# [Solved]



## Lindeloef (Jun 18, 2012)

Hello ENWorlders
I am looking for a D&D 4e group to play with. Can be an existing group or we get one started. 

An online game with Skype/maptool (or similar programs) would be nice.

Time: I'm fairly open to days we would play, except Wednesday. Time slot would be 6pm-12pm UTC+1 

I have some experience with the system, DM'ed a bit, so if we can't find someone to DM, I could do it (but I'd rather play as a PC)

If interested answer in this thread or email me oschiefloyd@googlemail.com


ps: UTC = GMT


----------



## Lindeloef (Jun 25, 2012)

Update: found 2 other players, that makes us a group of 3.

so with 2 others, we would be good to go. (if 3 guys want to join, it's fine as well  )

I would DM (if no one else wants to).

Also Newcomers to the game are welcome!

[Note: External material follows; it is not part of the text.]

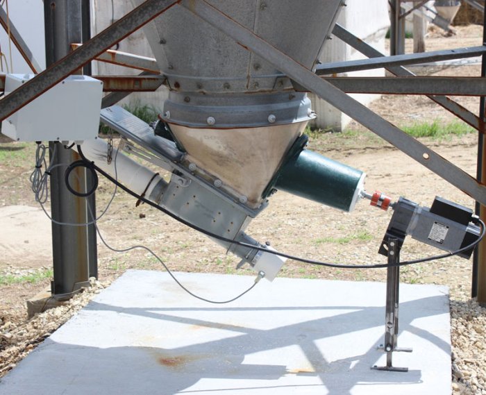 Unlike other feed bridging solutions commercially available, Osborne’s Flow Pro system uses neither high-frequency vibration nor blunt impact to bin boots or collars to ensure continuous feed flow. Instead, Flow Pro’s rotating agitator provides gentle agitation inside the bin boot as automatic feed delivery systems operate. The rugged auger – making about 100 revolutions per minute (RPM) – ensures continuous flow without compromising feed quality. Though the system provides steady and gentle agitation, clumps and compacted feed from high humidity or moisture are easily destroyed before they reach feed lines, preventing plugging issues. Flow Pro also eliminates bin wear-and-tear caused by vibrating systems or impacting hammers and mallets. Independent product testing confirms first in, first out flow of a variety of feedstuffs, with no adverse effects on bins or performance of automatic feed lines.

Didn't state it before, as it seemed obvious...

UPDATE: And another player 
with one more person (player or DM i am not picky) we could start


----------



## Lindeloef (Jun 28, 2012)

Okay a small (and kinda disappointing) Update:

We are back to 2 Players.

The game would be on Monday/Tuesday/Wednesday/Thursday (not decided yet) and would start around 7-ish PM CEST and would end 11-12-ish PM CEST.

If you don't know what CEST is or what timezone you are at please check before answering.
either Google it or use this Time Zone Map


----------



## Grumpy RPG Reviews (Jun 30, 2012)

I am in Bulgaria, which I believe is +2. I am also interested in this campaign, and have enough experience to run it or play in it.


----------



## mitch637 (Jul 2, 2012)

*new player*

hey im a new player looking to get into the tabletop rpg world id be up to play if you would be up to teach me how 

im 20 and am in the Eastern Time Zone (ontario)


----------



## Jan van Leyden (Jul 3, 2012)

I'm just 80 km north of you Lindeloef, so the time zone would be perfect for me, and definitely interested in playing.

Monday or Thursday would be perfect, Tuesday and Wednesday less so, as these days would collide with my regular group and our weekly board game night.


----------



## Lindeloef (Jul 3, 2012)

Just want to say, not searching anymore


----------